Hermione spun round quickly, startled by the voice in the room she thought was empty. On the wall behind her, Dumbledore remained in the large frame hanging there. She had not noticed him since her back had been to him, and she wondered how long he had been watching her.
“Yes, I have been watching since Harry left the room,” he answered her unspoken question. “I thought you would be inclined to investigate the pensieve further, even when you should be drinking firewhiskey downstairs with the others.” He smiled. “Always the inquisitor”.
Hermione blushed. “You could have stopped me,” she answered.
“My dear, I would not have dreamed of it. Something tells me that the images in that basin were meant for you as much as they were for Harry, but as to why I personally cannot comment. I am just a painting, after all,” he added, with a rueful smile and what could possibly have been a twinkle in his eye.
“Oh, I wish I had never seen it Professor. It’s… it hurts too much to even think on it. So much wasted life and love, so many hurt by all of this. I feel I should be celebrating but I feel as though I might cry forever!” Hermione lowered her head as more silent tears slid down her cheeks, glancing at the pensieve. “He was an unspoken hero, and so few will know what he gave up for them.”

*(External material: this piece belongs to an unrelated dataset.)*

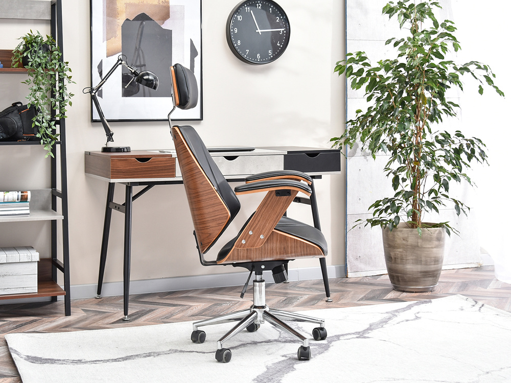 Kontorsfåtölj valnöt/svart krom ben FRANK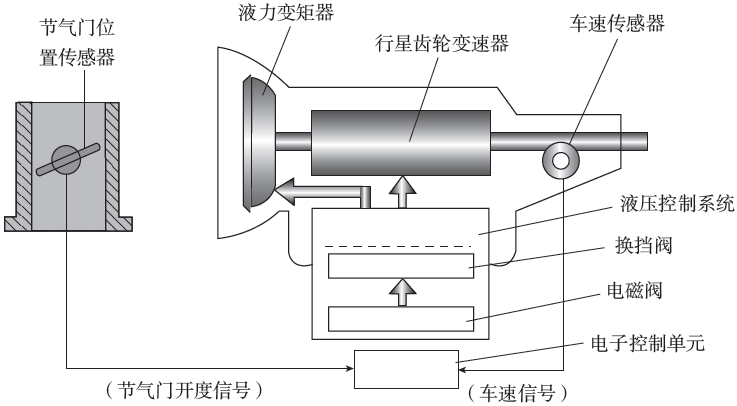 2、自动变速器主要由液力变矩器、齿轮变速机构、换挡执行元件、液压控制系统、电子控制系统等组成。

“Sadly, Miss Granger, so few would care what he gave up for the cause. Many people lost many things which will go uncounted in the history books of the future. Severus Snape has gone from this world but he has your gentle heart to dwell in. He will not be forgotten. Do not anger yourself by believing that others care not for the losses as you do. The gravity of the situation will dawn on them in their own time. Let them live unhurt for a time.”
Hermione nodded, feeling the heavy weight in her heart, and knowing she did not wish to inflict the grief it felt onto anyone. “If I can spare others this hurt by keeping it to myself, I shall.” She promised.
“You are a good girl, Miss Granger. Or young woman, I should say!” Dumbledore continued, removing his spectacles momentarily to wipe them with his long beard. “Do not think that this sorrow will last forever. You will learn how to make your own life a full and happy one in the future. Because you are so sensitive and so intelligent, you feel the pain of these wars acutely, but this will also increase the happiness and sweetness of the victory once you have accepted them.
“I am reminded of a Muggle saying which I’m sure you will appreciate now: ‘Time heals all wounds’. Often disregarded here in terms of cuts and scrapes which are of course more swiftly healed with magic,” Dumbledore smiled now and Hermione felt a weak smile of her own creep onto her lips. “But very relevant still I am afraid in terms of grazes of the heart. You won’t feel the agony of grief so acutely in the future, Miss Granger, and you certainly won’t cry for ever. Time is the key!
“Now go find what happiness you can for now, and don’t hesitate to visit me whenever you feel the need. I am always glad of intelligent visitors.”
“Thank you, Professor. I will.” Smiling another weak smile, but a smile non-the-less, Hermione slipped through the office door. But her tears did not cease, even while Ron held her through the night.